Desde há mais de 20 anos que os bloggers foram definindo a paisagem mediática. Primeiro a digital. Hoje sem a separação pelo meio. Já para além de bloggers, storytellers, influenciadores, líderes de opinião. E a somar ao weblog, o Facebook, o Instagram, o Youtube, o Twitter, o Linkedin… A rede.

As marcas despertaram e começaram a determinar uma pequena parte dos seus budgets. Primeiro não de Marketing, mas de comunicação. Experiências de Relações Públicas. Eventos. E com resultados. Alguém explicou que não importa o tráfego em comparação com os Media, interessa a dimensão da comunidade e o poder de influência.

Entre famosos e anónimos, macro ou micro influenciadores, hoje as ligações tremendas das marcas passam por potentes ações exuberantes umas, subtis outras. E uma outra fase de amadurecimento desta relação na tríade Marca-Influenciador-Clientes tem surgido: a do fim da relação espontânea, oportunista e momentânea para relações duradouras, de longo-prazo, de embaixadores.

Qual o “truque” que falta, pois então? Perguntam muitos.
Formação.
Como assim?
Isso mesmo. Formação.
Na escolha de muitos influenciadores pelas marcas está uma natural, vivida e sincera paixão pela marca e pelo produto que representam. E o truque que diferencia a prestação do influenciador e embaixador no digital, dia a dia, é o que está para além da paixão. É a prova.

Aqueles que provam e comprovam e explicam e demonstram e detalham o que de melhor e único tem o produto e a marca, distanciam-se. Tornam os incrédulos em fãs. Os descrentes em céticos e potenciais experimentadores. Os simpáticos em apaixonados. Os fãs em fanáticos defensores.

Não basta levantar a bandeira. E muitas marcas já perceberam isso.
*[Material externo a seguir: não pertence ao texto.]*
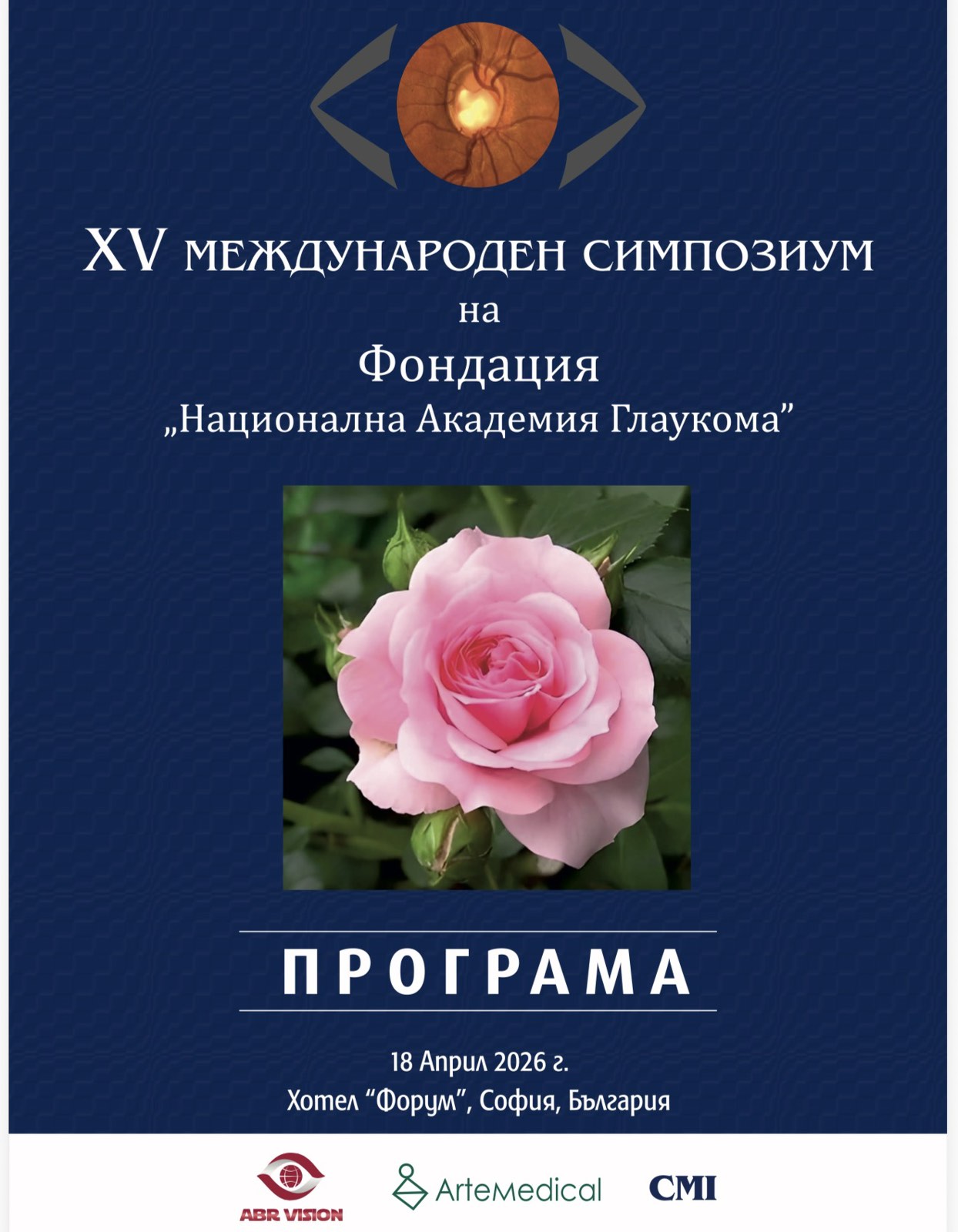 Програма на XV Международен Симпозиум на Фондация „Национална Академия Глаукома”, 18 Април (Събота) 2026 г., Хотел „Форум”, София

Razão pela qual, na relação profissional que assinam com muitos dos seus influenciadores incluem de base e de forma regular ações de formação detalhadas, como se de um colaborador da empresa se tratasse. Explicação do produto com os engenheiros, as novidades com o gestor de produto, a missão da empresa com o CEO. Porque para explicar aos milhares de seguidores porque é que aquilo é especial não basta dizer “porque eu gosto”, é preciso viajar pelo Golden Circle completo do Simon Sinek em relação ao produto, desde o que é feito, como é feito e sobretudo ao porque a marca o faz.

Mais do que assumir que os seus influenciadores são pagos para disseminar a mensagem e os valores da marca e os benefícios do produto, algumas marcas encaram já esta relação como um pacto, uma simbiose onde tudo farão para, regularmente, transformar esta relação contratual em algo mais do que isso. De influenciadores passarão a conhecedores, a especialistas, dando-lhes as ferramentas para que pela marca falem sem mácula, com detalhe e sobretudo com paixão.

Mas sobretudo, com paixão assente em conhecimento de causa.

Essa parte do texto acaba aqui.